Time to Arrange Financing or to Close
Once the appraisal process has been concluded, it normally takes some time to bring the process to closure. The company may be allowed 30 days, or some amount of time to close the transaction.

We can summarize the process timelines to get a picture of how the various types of process agreements might look in operation. You may be surprised at how the various processes actually lay out, regardless of what the written timetables suggest.

The existence of defined timetables in agreements serves to keep the parties focused on the timeline; however, they are seldom binding.

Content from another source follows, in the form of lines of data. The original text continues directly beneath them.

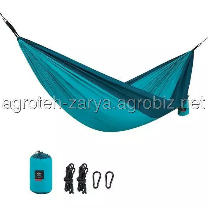Двомісний гамак блакитного кольору, виготовлений з високоміцної поліефірної емалі із закріпленими під тиском кріпленнями. Важлива перевага - висока зносостійкість. В ньому може розташовуватися декілька дітей, або двоє дорослих осіб вагою до 200 кг.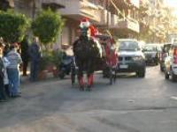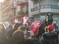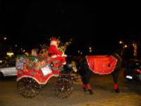 Natale 2009: carrozze trainate dai cavalli con Babbi natale che distribuiscono caramelle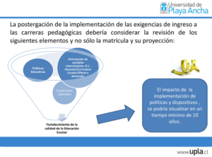 En cuanto a la disminución de exigencias, su opinión es que la intención de la actual legislación era positiva, pero no tomó en cuenta la realidad nacional, donde los estudiantes con mejores resultados académicos prefieren carreras con mayor prestigio y remuneración.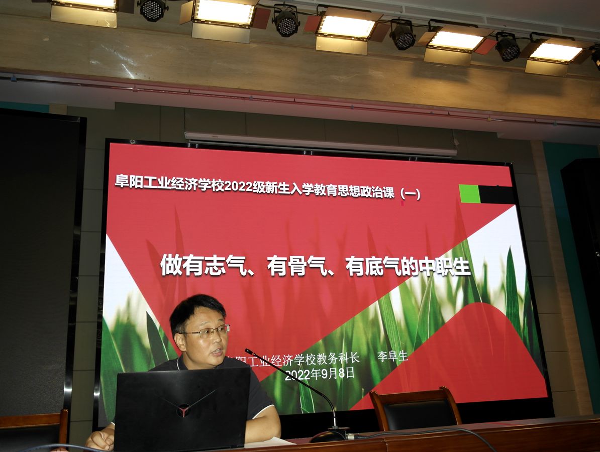 为深入学习贯彻习近平新时代中国特色社会主义思想,全面贯彻党的教育方针,落实立德树人根本任务,9月8日上午,我校在报告厅举行2022级新生入学思想政治课讲座。校教务科科长李阜生以做有志气、有骨气、有底气的中职生为主题进行了讲座,学生科科长马雨涛主持会议。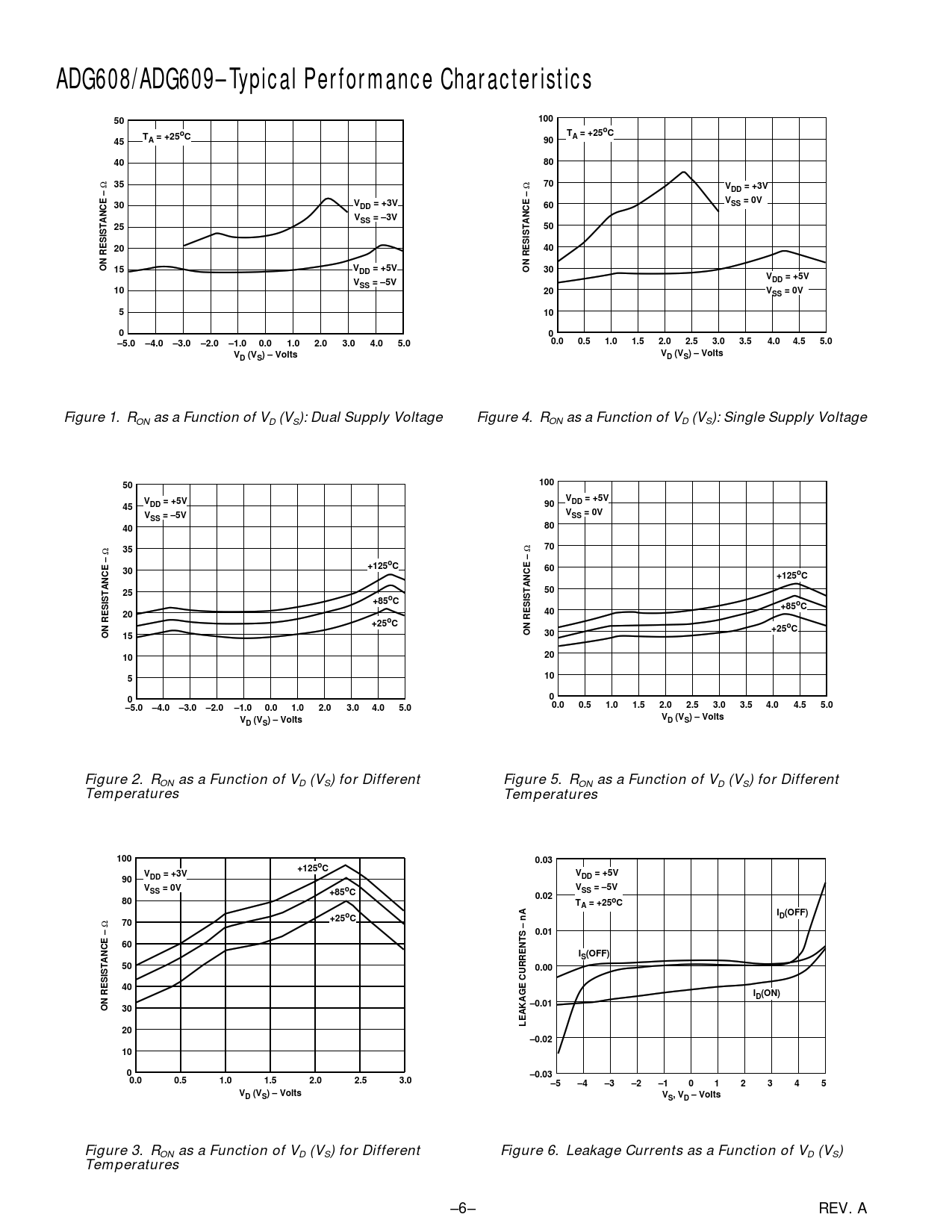 ADG608/ADG609–Typical Performance Characteristics50100TTA = +25oC45A = +25oC904080 Ω 35 Ω 70VDD = +3V V30VDD = +3V60SS = 0VVSS = –3V25502040ON RESISTANCE – 15VDD = +5VON RESISTANCE –30VVDD = +5VSS = –5V1020VSS = 0V51000–5.0–4.0–3.0–2.0–1.00.01.02.03.04.05.00.00.51.01.52.02.53.03.54.04.55.0VVD (VS) – VoltsD (VS) – Volts Figure 1. RON as a Function of VD (VS): Dual Supply Voltage Figure 4. RON as a Function of VD (VS): Single Supply Voltage 50100VVDD = +5V45DD = +5V90VVSS = –5VSS = 0V4080 Ω 35 Ω 70+125oC3060+125oC2550+85oC+85oC2040+25oC+25oCON RESISTANCE –15ON RESISTANCE –30102051000–5.0–4.0–3.0–2.0–1.00.01.02.03.04.05.00.00.51.01.52.02.53.03.54.04.55.0VVD (VS) – VoltsD (VS) – Volts Figure 2. RON as a Function of VD (VS) for Different Figure 5. RON as a Function of VD (VS) for Different Temperatures Temperatures 1000.03+125oCVV90DD = +3VDD = +5VVVSS = 0V+85oCSS = –5V0.0280TA = +25oCID(OFF) Ω 70+25oC0.0160IS(OFF)500.0040ID(ON)–0.01ON RESISTANCE –30LEAKAGE CURRENTS – nA20–0.02100–0.030.00.51.01.52.02.53.0–5–4–3–2–1012345VD (VS) – VoltsVS, VD – Volts Figure 3. RON as a Function of VD (VS) for Different Figure 6. Leakage Currents as a Function of VD (VS) Temperatures –6– REV. A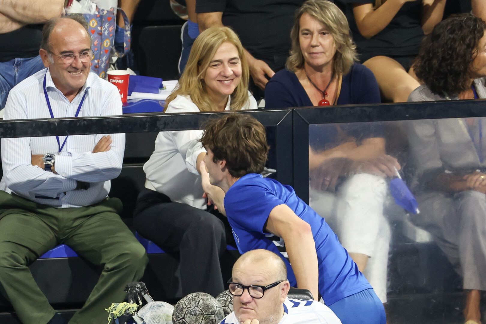 La hermana de Felipe VI, la infanta Cristina de Borbón, no se perdió el primer partido de su hijo Pablo contra su exequipo, el Barça de Balonmano, en el que también contó con el apoyo incondicional de su novia, Johanna Zott.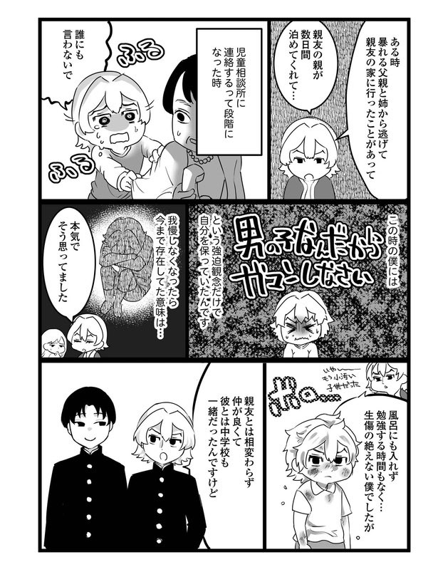 辛い体験も"なかったこと"にされる「男なんだから我慢しろ」の呪縛の話。(1/4) ※虐待と性被害の描写があります #漫画が読めるハッシュタグ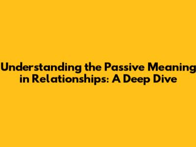 Unpacking Passive Meaning In Relationships
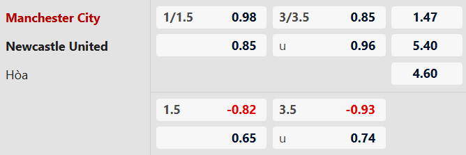 Soi kèo châu Á Man City vs Newcastle: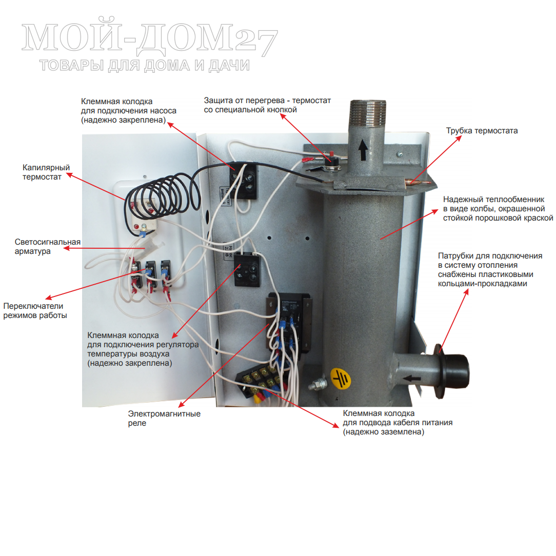 - Наличие вводного и контактного устройства для подключения циркуляционного насоса и выносного регулятора температуры воздуха в помещении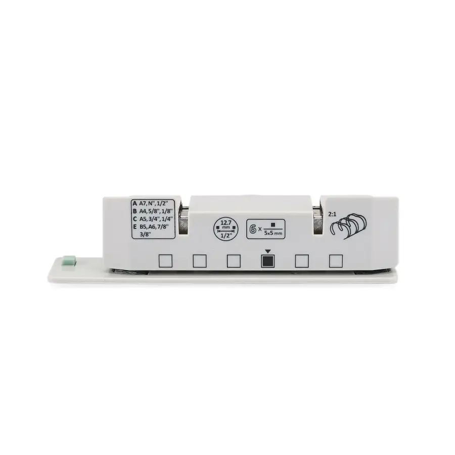 De Bind Easy inbindmachine (2021-400) ponst tot 10 vellen (80 g) tegelijk en is geschikt voor draadbinding met 2 of 3 gaten per inch (2:1 of 3:1) in verschillende maten, maar ook voor disc-binding. Afhankelijk van de gekozen bindrug of disc kun je documenten samenstellen van 20 tot circa 175 vellen. Met de verstelbare papiergeleider en de duidelijke maatverdeling in centimeters en inches werk je altijd nauwkeurig en perfect gecentreerd. Het compacte ontwerp, de vergrendelbare hendel en de geïntegreerde opvangbak maken de machine bovendien praktisch en gebruiksvriendelijk voor iedere creatieve maker, van beginner tot ervaren hobbyist.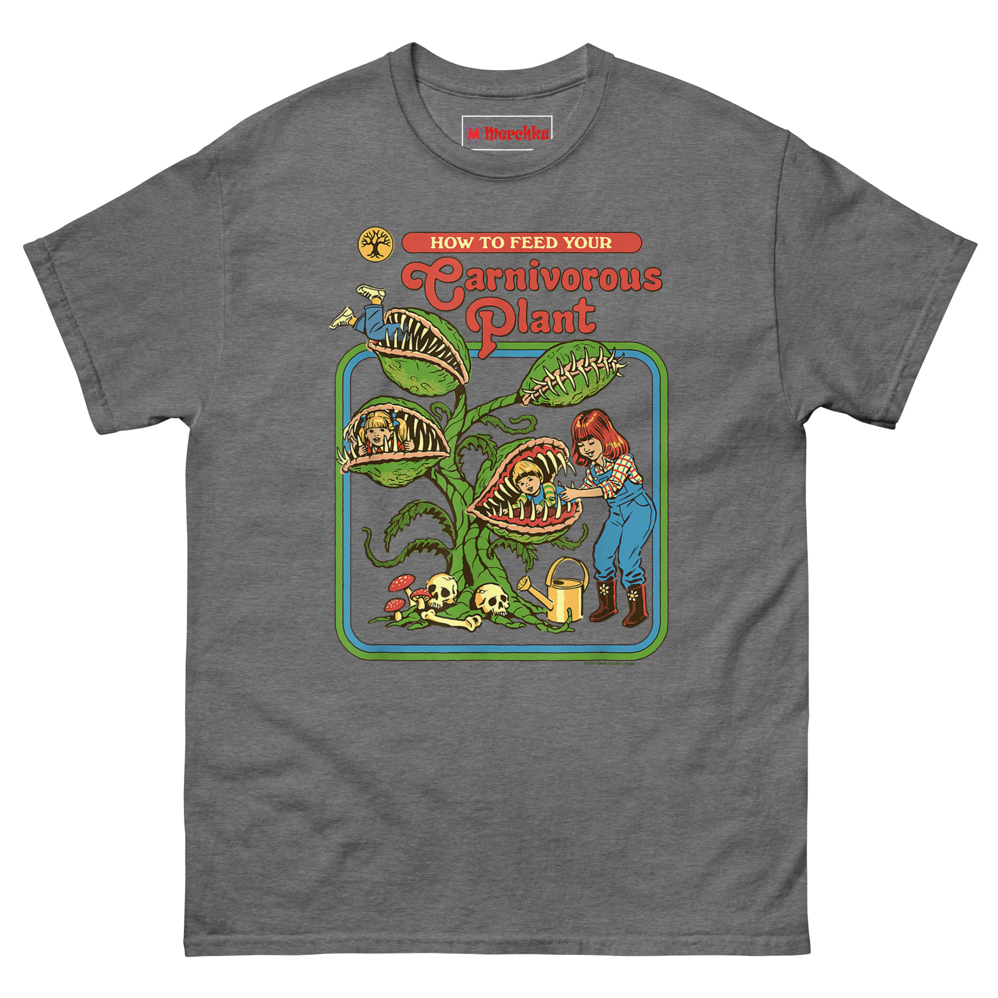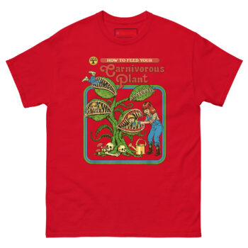 - Brilliant Dark Humor: This How to Feed Your Carnivorous Plant T Shirt design thrives on the juxtaposition of innocent 70s nostalgia and deeply morbid subject matter. It’s a hilarious, shocking conversation starter that plant lovers with a twisted sense of humor will adore.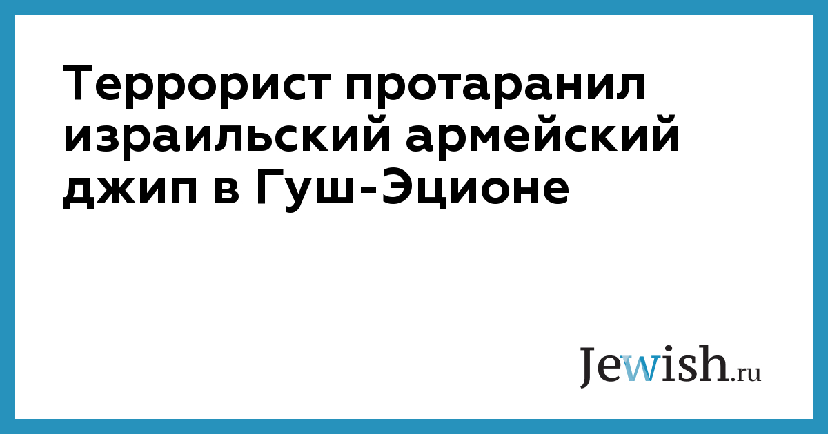 Террорист протаранил израильский армейский джип в Гуш-Эционе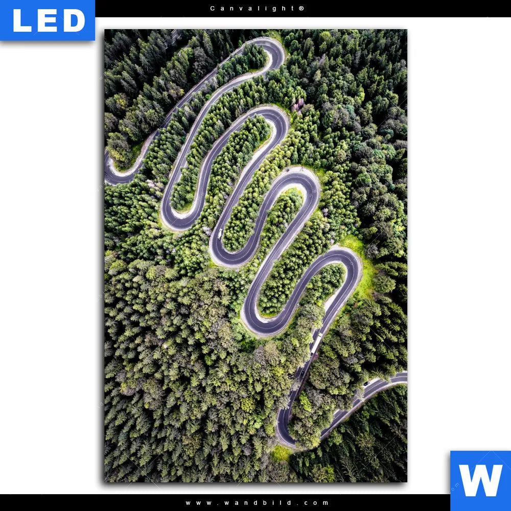Canvalight® Leuchtbild | Wald & Straße Luftaufnahme | Hochformat
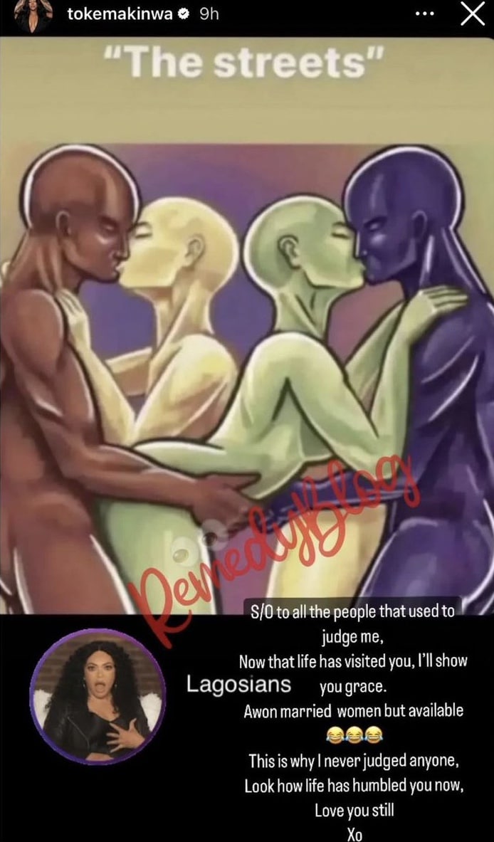 Nigerian vlogger and entrepreneur, Toke Makinwa takes a swipe at married women, particularly celebrities who judged her single status but are back on the street or cheating in their marriage.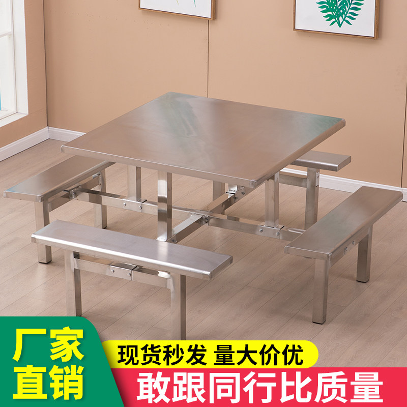 学校学生员工工地饭堂食堂餐桌椅组合4人6人8人位 不锈钢连体桌子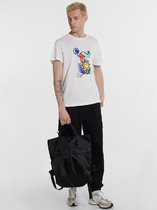 Футболка изготовлена из трикотажного полотна кулирка. Футболка свободная, прямого силуэта. Длина до линии бедер. Горловина округлой формы обработана бейкой из рибаны. Шов втачивания бейки распошит. Плечо слегка спущено. Рукава втачные короткие.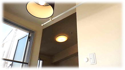 古いイメージの旧ナショナル製照明器具からLIXIL製の円筒形照明に交換し、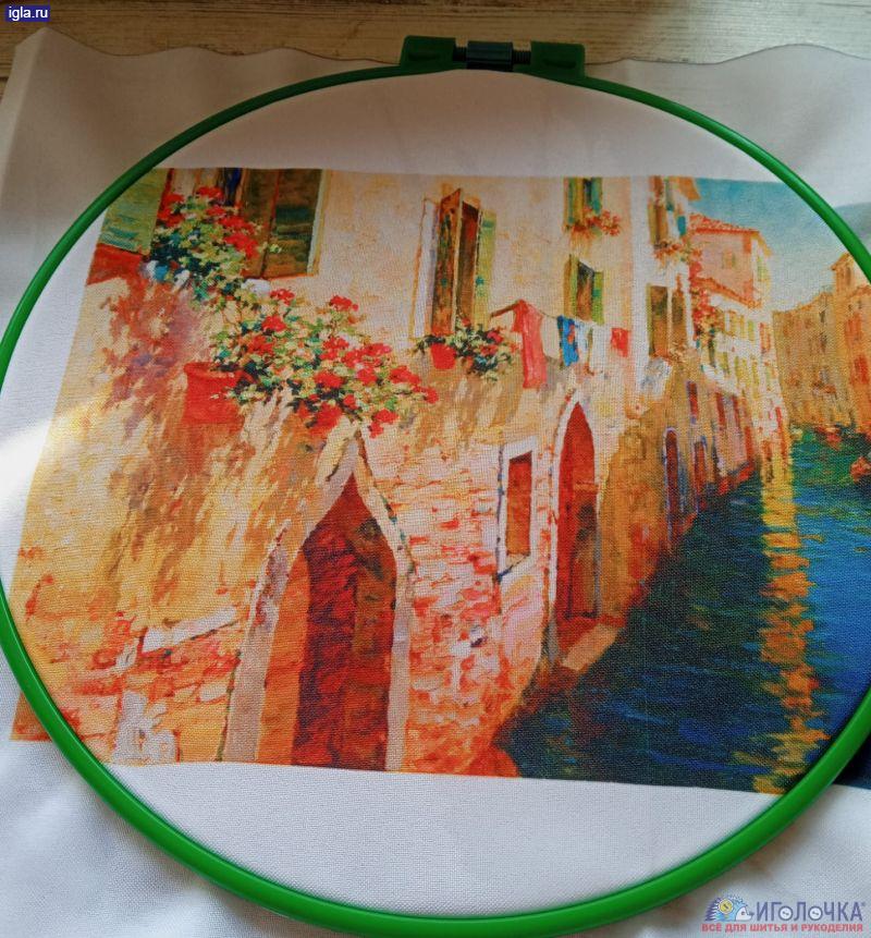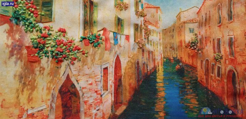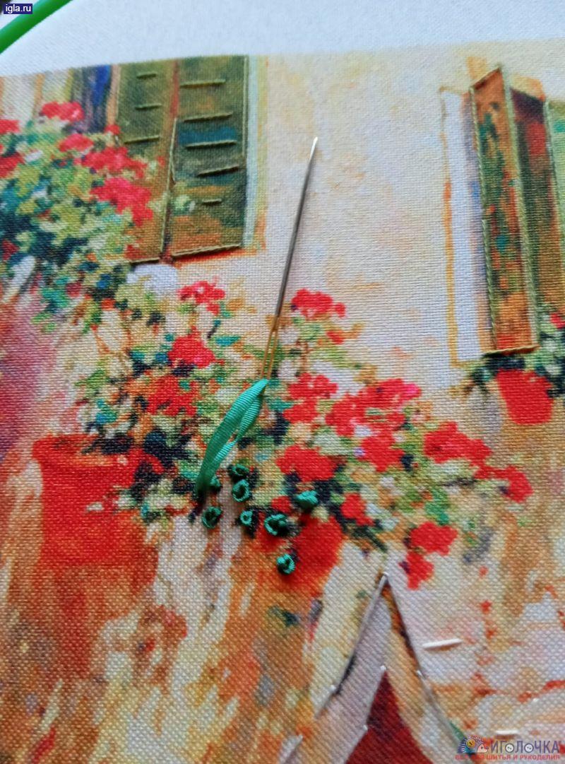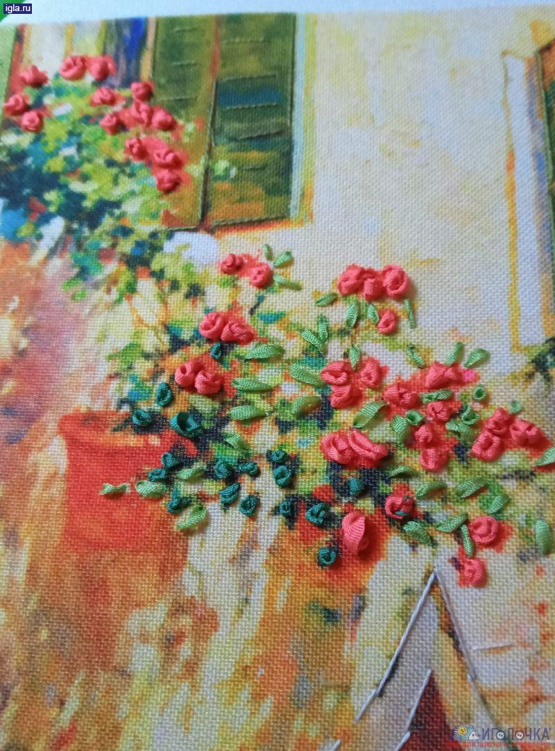 Работа вышита шелковыми лентами и нитками мулине на габардине с напечатанным рисунком . Для работы использовался набор из коллекции ,,Живая картина " PANNA .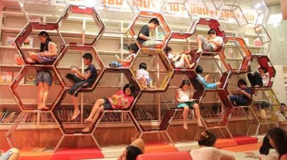 它拥有大量书籍的空间,每日最少吸引3,000人到访,尤以小朋友居多,由装潢到气氛都似足一个公园,连坐位都花心思设计成蜂巢形状,跟印象中沉闷的书店截然不同。在儿童节当天,他们还将组织一场“儿童游击队”活动,邀请小朋友们表演节目、演讲来表达自己的才能。现场还有免费供应的零食和其它小游戏。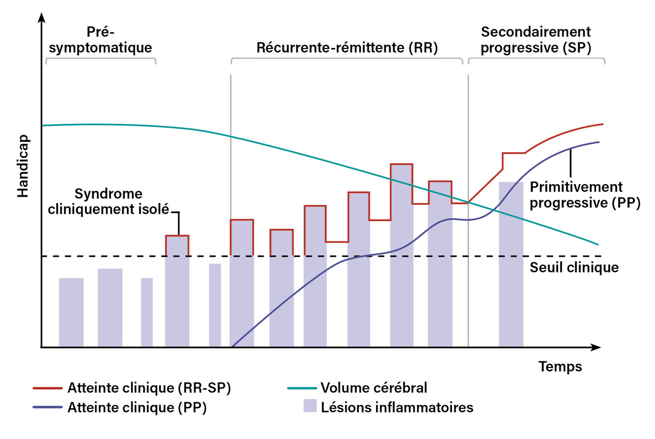 Après quinze à vingt ans de maladie en moyenne, en l’absence de traitement, la plupart des patients basculent vers une forme de progression lente sans rémission, dite « secondairement progressive » (SP).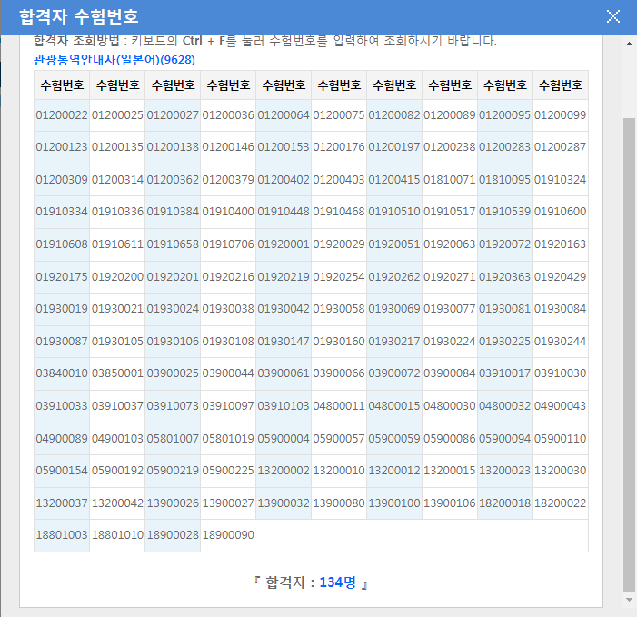 관광통역안내사(일본어) 134명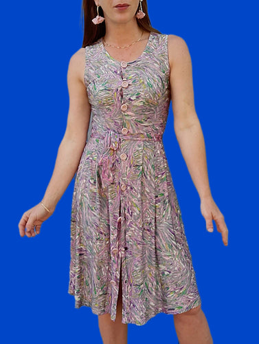 Robe vintage Donna - Tissu texturé parme, anis, vert et blanc. Taille XS, 34, 36

  • Multiple Appraiser processes can be accomplished in the broad range of 100 to 200 days or so if the initial process involving two appraisers is conclusive. If it is necessary to select and retain a third appraiser, it is likely that considerable additional time will pass before resolution occurs. It is not surprising for a multiple appraiser process involving three appraisers to take six months to a year or more to complete.
  • The Single Appraiser – Select Now, Value Now option is potentially the most rapid option for process buy-sell agreements. If a trigger event occurs after the initial appraisal, the valuation process will be known by all parties, and the appraiser will be familiar with the company. This option should be able to be accomplished within six weeks or so, on the short end, and four months on the longer end.
  • The Hybrid or Single Appraiser with Multiple Appraiser Options can take as long as the typical multiple appraiser option; however, the probability of it being accomplished in much shorter time is significant. If the parties agree on the concluded value of the “third appraiser,” this option is akin to the Single Appraiser – Select Now, Value Now option and can be accomplished accordingly.

Note that the estimates here assume that there is no litigation and that the parties are generally cooperating to move the process along.

The bottom line is that it is good to agree on realistic timelines in your buy-sell agreements. It is then easier to ask the various appraisers and other parties to stick to them. The operation of process buy-sell agreements can take a long time. This means that the process may be a considerable distraction to management, particularly when significant transactions are involved. It should be obvious, but the prolonged operation of a buy-sell agreement can not only be distracting, but frustrating and confusing to the family of a deceased shareholder, or to a terminated employee.